Why Government Should Put More Effort In Angel Investment In Nigeria

Why Government Should Put More Effort In Angel Investment In Nigeria

In the last article, we discussed the role angel investors play in driving innovation and economic growth across borders; one being that they serve as the main source of local investments for early-stage businesses. If this is the case, then the government needs to be more involved. They need to pay more attention to the contributory effect of angel investors to nation-building. More importantly, they need to support angel investors so they can create more value and capital to the nation.

The number of angel investors in Nigeria is on the rise and we believe that Government support in the following two ways will amplify some of their advantages:

  • Promoting Angel Investor Education: Masterclasses, Seminars and workshops are effective ways of educating the general public about angel investing. Education of this sort will boost confidence in investors and encourage more investment activities. They can help prospective angel investors learn about the intricacies of angel investing and provide current investors with a better understanding of equity investments, which can, in turn, help them make more informed investment decisions. The government can partner with accredited angel investors like Rising Tide Africa to offer this education either for free or at a subsidized rate.
  • Promoting Entrepreneur Education: We believe that one of the best ways to promote angel investing is to improve the quality of existing early-stage businesses. Without entrepreneurs, there would be no start-ups to invest in. More so, investors tend to be attracted towards high potential businesses, hence the need to empower businesses to be so.
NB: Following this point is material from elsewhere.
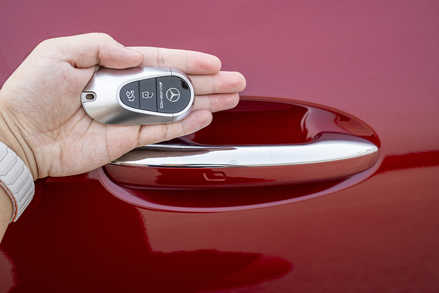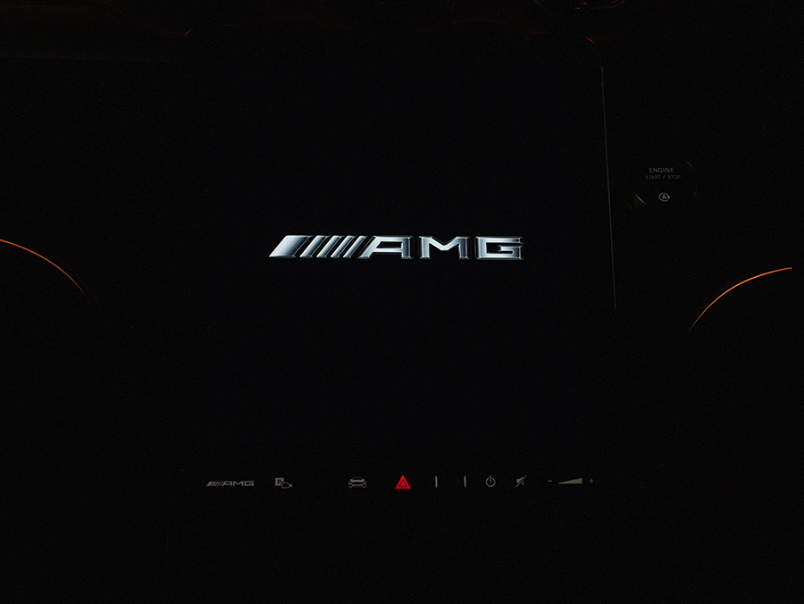 • กาบบันไดเรืองแสงพร้อมสัญลักษณ์ Mercedes–AMG
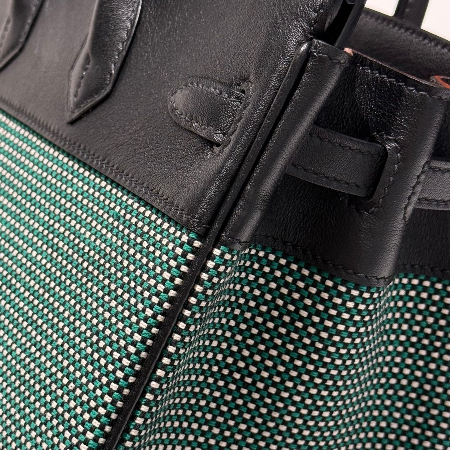 HM Birkin 25cm Black Swift Green White Canvas Silver Hardware

One way the government can go about this to do this is to increase entrepreneurs access to information and education which can provide them with resources and skills needed to successfully run a business; such as developing effective business strategies, understanding their markets and financial models, amongst others. The government can either set up regular training programs or partner with accredited angel investors to run such programs on their behalf.

The government can also provide financial incentives (in form of government grants) and non-financial incentives such as tax exemptions on expenditure relating to innovative activities or R&D. They can facilitate the establishment of formal angel networks across each state in the country where current and potential investors can be accredited. They can also have a proper structure in place (for example, data collection and analysis on angel investing activities) to monitor and evaluate the impact of angel investing in the economy. We believe that the increased availability of data about angel investing will attract more growth and opportunities in the angel investing space.